I've been working on a Latin-English dictionary from about 1900. Of course nearly all the Latin is a revelation to me, but what's really amazing is how differently we already use the English words after only a little over a century. "Vicious," for instance, used to have a strong connotation of association to vice. These days it most seems to refer to physical cruelty or danger, as a vicious criminal or dog, but not so long ago it was nearly as likely to suggest a non-violent vice like smoking, gambling, or Sunday traveling.

C.S. Lewis has a discussion somewhere about words like villain, which used to have a fairly neutral socio-economic meaning before it began to describe the bad guy in a melodrama. The shift happens on the positive side, too, as in "nice," which meant precise or fussy before it came to mean "pretty much OK." Even earlier, apparently it meant something more like "ignorant."

Grim said...

I am a partial dissenter from this opinion, because of the example of Tolkien re-awakening long-dead words like "warg" and "Ent" and "orc," and finding in them a real power. If I want to understand a word, I look at the etymology at least as much as the dictionary definition.

It's only a partial dissent, but I think that there remains a residue that conveys somehow of what words have meant. Maybe it's because other words in the language with similar roots remain, cognates that we recognize subconsciously at least as conveying a similar meaning. Somehow, it matters whether you use the word that is related to that family of words, or an apparent synonym with a different etymology or from a different language family. The connotations, at least, differ in such cases.

Assistant Village Idiot said...

@ Texan99 - I know he mentions "villain" in Studies in Words. Perhaps that's it.

@ Grim - I think what words have meant has enormous value, but only for those who have some familiarity with older vocabulary or combinations of sounds, even if they don't consciously make the associations. I suppose that can also work in reverse, and a Tolkien reader might move on to other older things and think "I've seen something like that before." Theoretically, that could trickle down even to a strictly modern vocabulary in successive dilutions, yet I think not. There are only so many sounds in the human repertoire, particularly when we are focusing on consonants. You need a broad collection of those associated sounds to start picking up associations from them.
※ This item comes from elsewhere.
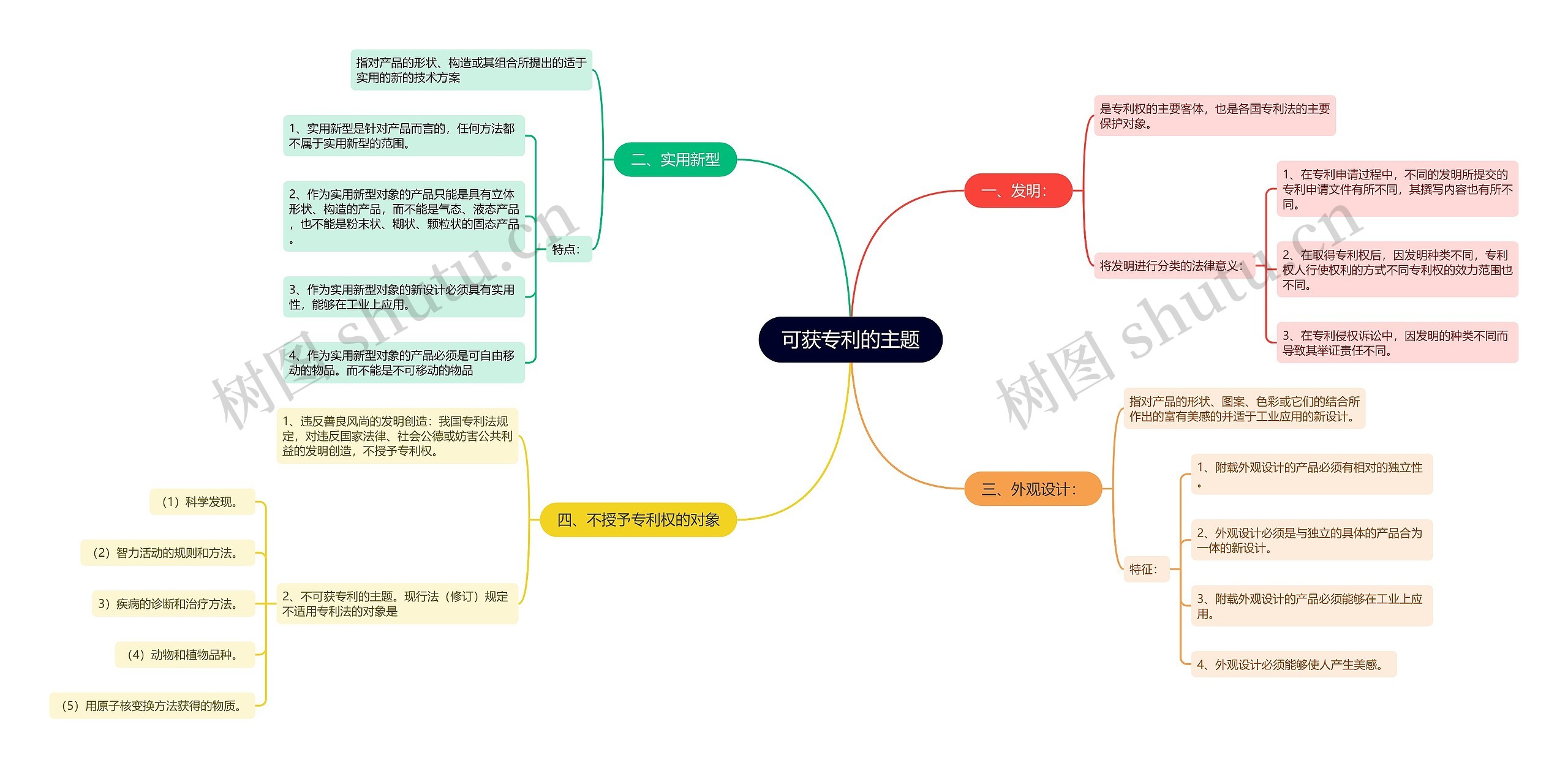 树图思维导图提供《可获专利的主题思维导图》在线思维导图免费制作,点击“编辑”按钮,可对《可获专利的主题思维导图》进行在线思维导图编辑,本思维导图属于思维导图模板主题,文件编号是:f0f5580804fc41130e57539b846f765b

Or so I guess. I have not data.

Assistant Village Idiot said...

@ Grim - Owen Barfield wrote a lot about this early in his career in Poetic Diction and History in English Words - note the preposition, tthere. He believed words told us the history of our consciousness, back through Old English and on into Germanic and Indo-European. I learned today that he felt he was misunderstood and wrote Speaker's Meaning later in life, which summarised those ideas and restated them in what he hooped was a clearer form. I know nothing else about it. If you read it, let me know how it went.

Lewis and Tolkien both loved Barfield's thinking on these matters and encouraged him to write. I must just not get it, as it does not interest me. Too much anthroposophy in it for me.

Grim said...

Interesting! I will definitely consider reading that if I can lay hands on a copy.